Вот выпендрёжка, я ведь уже отцу сказал «а кто это».

— Холден Колфилд. Как делишки?

— Холден! У меня всё прекрасно. А у тебя?

— Блеск. Слушай. Как вообще дела-то? В смысле, учёба?

— Прекрасно. В смысле… ну, сам понимаешь.

— Отлично. Ладно, слушай. Я чего думаю — ты сегодня свободна? Воскресенье, конечно. Но по выходным всегда дают два-три дневных представленья. В честь каких-нибудь там лицедеев, всё такое. Не желаешь сходить?

— С удовольствием. Дивно.

Дивно. Самое для меня ненавистное словечко. Столь показушное. На миг даже захотел сказать, мол насчёт представленья пошутил. Но ещё немного поболтали. Верней, поболтала она. Мне и слова не удалось вставить. Сначала рассказала о каком-то чуваке из Харварда — небось первогодке, но она, само собой, не уточнила, — смертельно по ней сохшему.

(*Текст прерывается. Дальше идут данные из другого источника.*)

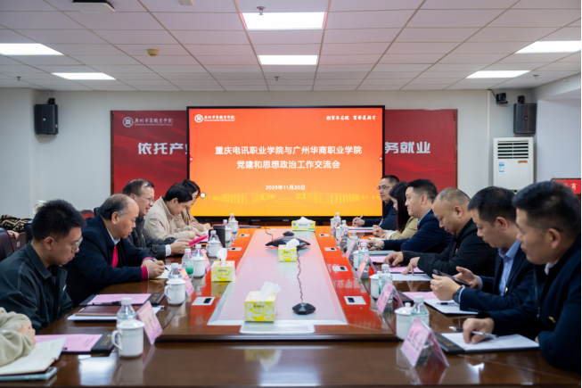 11月20日,重庆电讯职业学院党委书记兰海涛率队赴广州华商职业学院开展党建与思政工作交流,交流会在广州华商职业学院行政楼715会议室召开。重庆电讯职业学院党委书记兰海涛、校长助理杨年、党委组织人事部副部长杨静及二级学院党组织书记;广州华商职业学院党委书记翁礼成、校长助理袁晓斌、人事与质量部部长石朝阳及二级学院党组织书记代表等参与会议。会议由广州华商职业学院党委书记翁礼成主持。
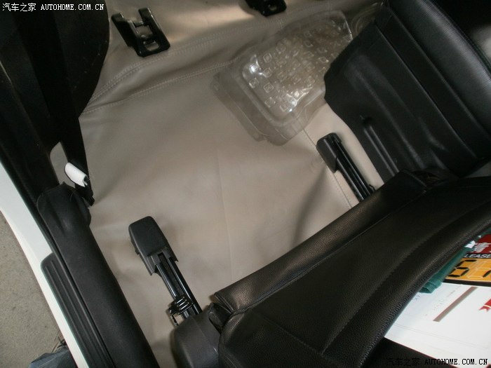 座椅回位,一切OK,没有涂胶规整,压一压就好了。地胶的尺寸很准确,没有裁掉多少,在某宝购买的。
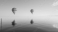 Fototapeta Two colorful hot air balloons floating serenely above a calm, reflective ocean at dawn

День и ночь звонит. День и ночь — умора! После поведала про другого чувака, слушателя военного вуза, тот тоже из-за неё готов глотку перерезать. Велика важность! В общем, я назначил встречу под часами в гостинице «Билтмор» в два, да велел не опаздывать, потому как представленье, скорей всего, начнётся в полтретьего. А она вечно опаздывает. И повесил трубку. Ё-моё, во зануда — но красивая.

Договорясь о свиданьи со старушкой Салли, вылез из кровати, оделся, сложил чемодан. Перед уходом глянул в окно: как там поживают дорогие извращенцы. Но шторы у всех задёрнуты. Утром они сама скромность. Съехал на подъёмнике, расплатился за гостиницу. Юного Мориса нигде не видно. Само собой, я не собирался бегать его искать, козла вонючего.

У гостиницы взял тачку, но не имел ни малейшего представленья, куда ехать. Некуда. Ещё только воскресенье, а домой нельзя до среды — ну самое раннее до вторника. И уж вовсе не желал переться в другую гостиницу, дабы там вообще мозги вышибли. Словом, велел водителю ехать на Главный вокзал. Тот ведь в двух шагах от «Билтмора», где условились о встрече с Салли, посему решил оставить чемоданы в ячейке, к которой дают ключ, да позавтракать. Честно говоря, проголодался. Вытащив в тачке бумажник, вроде как пересчитал бабки. Не помню точно, сколько оставалось, но в целом негусто. За какие-то две паршивые недели потратил кучу бабок. Правда. В душе я адский транжир. А чего не трачу — теряю. В ресторанах да ночных кабаках через раз вроде даже забываю взять сдачу, всё такое. Предки просто из себя выходят. И нельзя их за то винить. Но вообще-то папаша у меня богатенький. Не знаю, сколько заколачивает — он со мной эдакую хреноту не обсуждает — но думаю, немало. Папуля работает советником по правовым вопросам в паевом обществе. Подобные ребятки круто загребают. Присутствует ещё один признак его обеспеченности: всю дорогу вкладывает бабло в бродуэйские представленья. Но те вечно проваливаются, посему чуть только он по новой встревает, мама просто с ума сходит. Она вообще после смерти Элли не особо хорошо себя чувствует. Дёрганая какая-то. Да тут ещё меня трам-тарарам опять на хер выперли…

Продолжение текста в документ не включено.